(Data below)
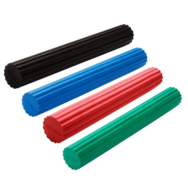 CanDo Twist-n-Bend Hand-Wrist Exercise Bars - 4-Piece Bundle - Red, Green, Blue, Black The CanDo flexible hand bar exerciser is a lightweight, portable exerciser designed to strengthen muscles in the hand, wrist and shoulder. Also promotes coordination and increases range-of-motion. The bar is a perfect size for twisting and bending it. Perform oscillation movements for neuromuscular and balance training. Use for soft tissue and joint mobilization. .The 12 inch long rubber bar utilizes the same graduated progressive color code as other CanDo products: * Tan - XX-light. * Yellow - X-light * Red - Light * Green - Medium * Blue - Heavy * Black - X-Heavy. Consistent bar diameter and length throughout resistances means you use the same muscles with each resistance.
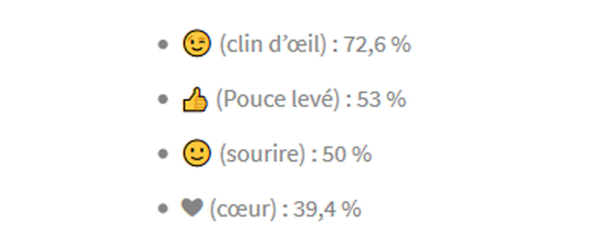 Quant aux emojis, les plus utilisés sont :
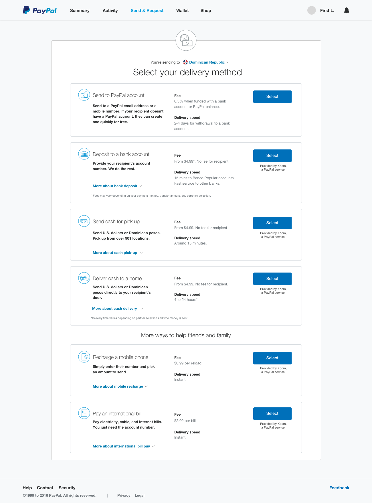 At PayPal, money moves from one PayPal account to another; while on Xoom, the sender can select up to six different methods in two categories (e.g. cash delivery, mobile reload). The PayPal and the Xoom product teams need to align on how Xoom services are displayed on PayPal.
(End Data below)
An exact copy of the material is required, minus the pictures.

The answer:
 CanDo Twist-n-Bend Hand-Wrist Exercise Bars - 4-Piece Bundle - Red, Green, Blue, Black The CanDo flexible hand bar exerciser is a lightweight, portable exerciser designed to strengthen muscles in the hand, wrist and shoulder. Also promotes coordination and increases range-of-motion. The bar is a perfect size for twisting and bending it. Perform oscillation movements for neuromuscular and balance training. Use for soft tissue and joint mobilization. .The 12 inch long rubber bar utilizes the same graduated progressive color code as other CanDo products: * Tan - XX-light. * Yellow - X-light * Red - Light * Green - Medium * Blue - Heavy * Black - X-Heavy. Consistent bar diameter and length throughout resistances means you use the same muscles with each resistance.
 Quant aux emojis, les plus utilisés sont :
 At PayPal, money moves from one PayPal account to another; while on Xoom, the sender can select up to six different methods in two categories (e.g. cash delivery, mobile reload). The PayPal and the Xoom product teams need to align on how Xoom services are displayed on PayPal.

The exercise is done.